Dès le début, il est clair que l’attention du gouvernement a porté presqu’exclusivement sur l’évolution de la pénétration de la COVID-19 au sein de la population, des soins requis ou non par les personnes affectées et du nombre de décès survenus. Ces éléments, à portée statistique, ont permis de suivre la progression de cette maladie et de déterminer son éventuelle gravité. Ils ont par ailleurs servi à motiver les Québécois dans le suivi des recommandations de la Direction générale de la santé publique (DGSP), représentée par Horacio Arruda.

En parallèle, le réseau de la Santé a entrepris le transfert de plusieurs patients hospitalisés vers divers CHSLD. La pratique de ces transferts n’a pas été soulignée à la population, seules les familles proches étant avisées.
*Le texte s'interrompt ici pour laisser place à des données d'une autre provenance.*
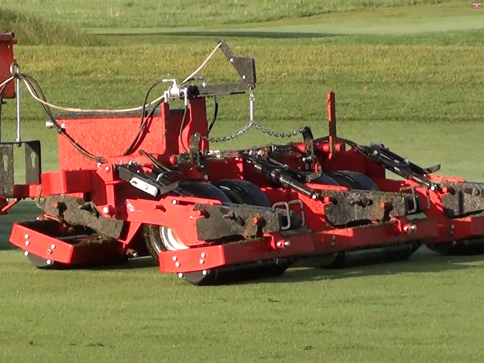 The Pro-Roll has individual roller assemblies that both conform to contour changes and provide consistent compaction across the entire width of the machine. Each 26 inch wide roller can float up and down, as well as side to side, completely independent of the adjacent roller. This allows accurate tracking of contour changes that are found around fairway hazards, approaches or even on a corporate campus. This also means that individual roller assemblies do not need to be leveled or calibrated, saving time; simply hook up and go!
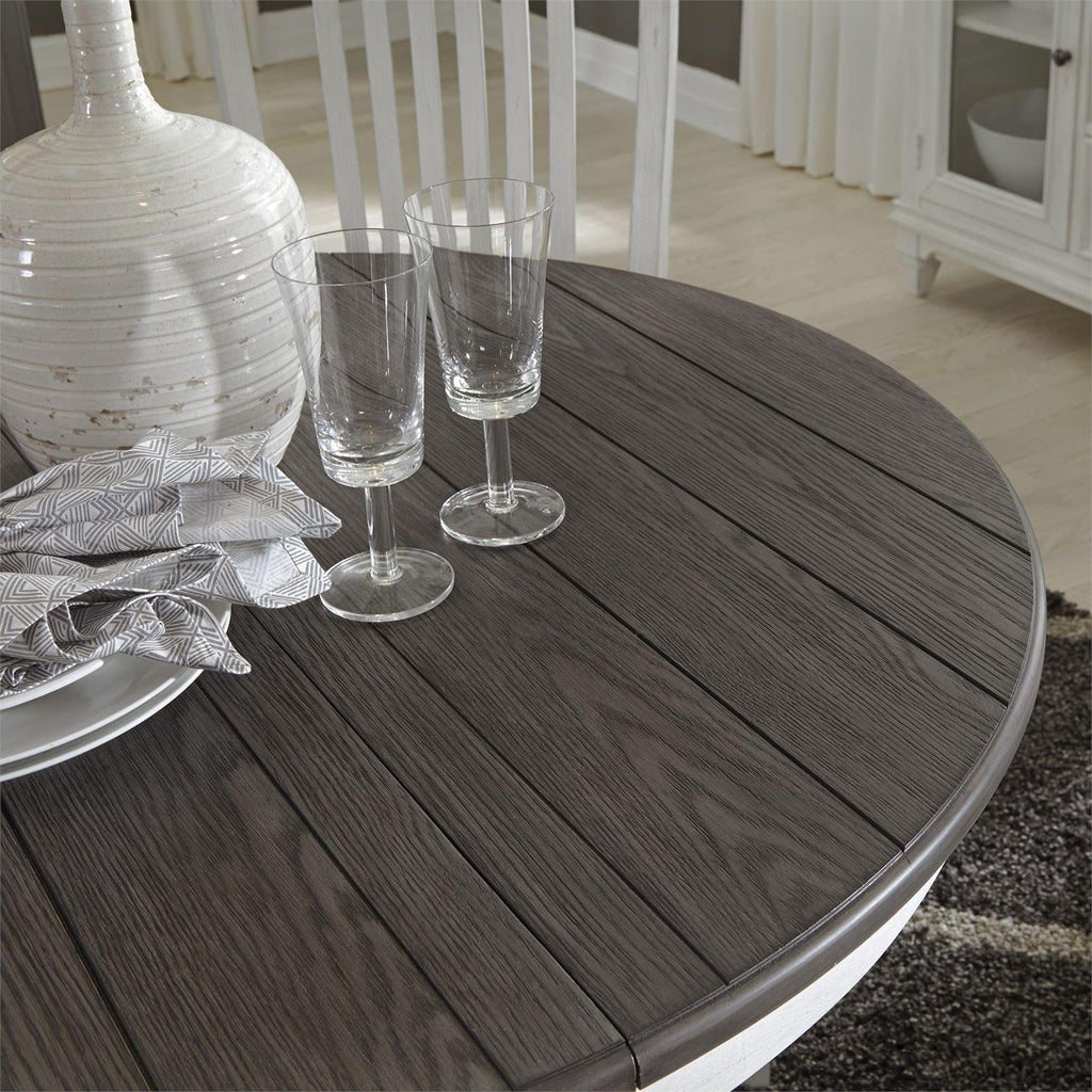 • Wire brushed white finish with charcoal finished top
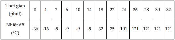 Một chất A đang ở trạng thái rắn ở nhiệt độ –36 °C. Nó được đun nóng với tốc độ không đổi trong 32 phút. Ghi chép về nhiệt độ của nó được đưa ra trong bảng dưới đây
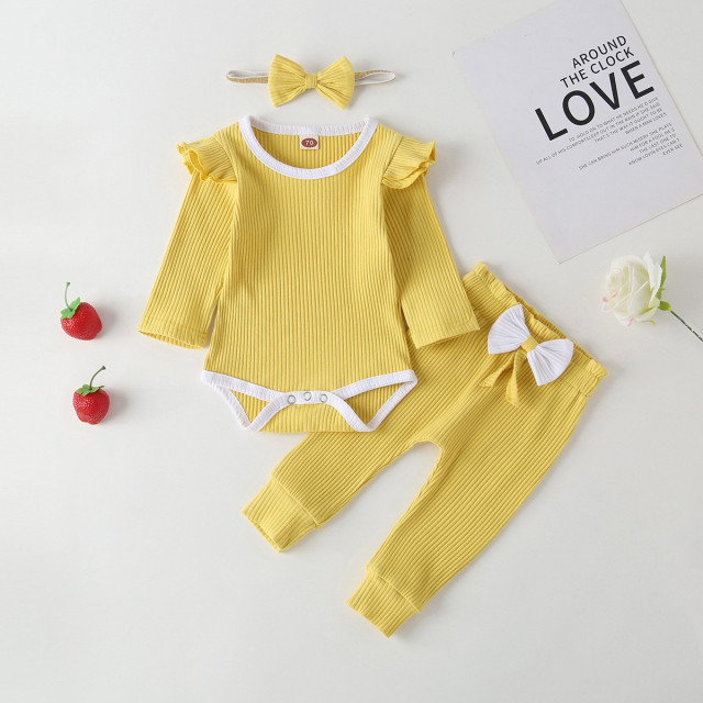 Compleu galben mustar pentru fetite (marime disponibila: 3-6 luni (marimea 18
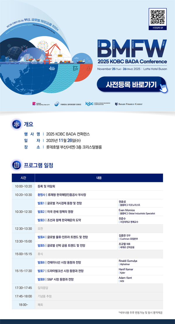 Bloomberg는 미국의 통상정책과 글로벌 거시경제 변화가 해운과 무역시장에 미치는 영향을 분석하며, Cushman & Wakefield는 물류·인프라 투자 동향을, 세계로선박금융은 선박금융 시장의 최신 트렌드를 소개할 예정이다.
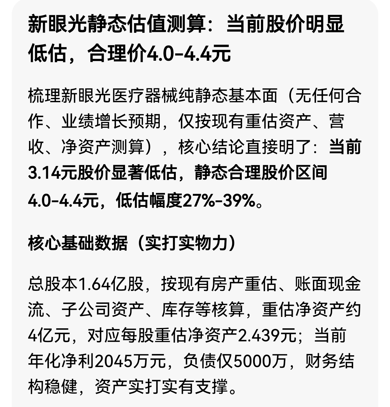 新眼光静态估值梳理:当前股价明显低估,以下测算仅供参考

Toutefois, aucune n’a cependant été informée des difficultés éprouvées par l’établissement de destination, notamment au regard de la COVID-19. Mme McCann, en réponse à des interrogations des familles touchées, de journalistes, de groupes représentant des résidents dans plusieurs types de résidences et de plusieurs autres intervenants, a fait part que les ressources nécessaires aux fins de rendre les soins étaient systématiquement transférées aux divers établissements. L’arrêt de ces transferts n’a été ordonné que tout récemment par madame McCann, après que le public en a été informé.

D’autre part, relativement à la circulation constante d’employés d’un centre à un autre, ce n’est que suite au constat de la mort de patients transférés par suite de la COVID-19 ou de complications créées par cette maladie, ce n’est que très récemment que la ministre a ordonné la fin de cette pratique.

Depuis plusieurs jours, les données accumulées par le gouvernement soulignaient à la fois un nombre de plus en plus élevé de contamination et de décès à l’intérieur de certains CHSLD, un nombre accru d’autres CHSLD contaminés et, plus récemment, de résidences privées également contaminées. Le gouvernement n’a pourtant entrepris que très tardivement les démarches nécessaires pour recueillir l’ensemble des informations pertinentes et pour apporter sans délais les correctifs appropriés. Malheureusement, ceci porte ombrage à la transparence dont M. Legault voulait faire preuve.

Il apparaît impératif qu’une enquête soit réalisée par des experts totalement indépendants du Réseau de la santé afin, notamment, de mieux cerner les initiatives prises par le ministère de la Santé, de revoir totalement le mode de gestion des CHSLD, d’établir les responsabilités du gouvernement au regard de la gestion et du financement de ces centres, de revoir les conditions de travail des personnes œuvrant dans ces derniers.

Finalement, dans le cadre du post mortem relatif aux stratégies adoptées par la Direction générale de la santé publique face à la pandémie, il sera utile d’étudier plus largement les initiatives adoptées par certains pays d’Asie, des résultats étonnants ayant en effet été obtenus par ceux-ci.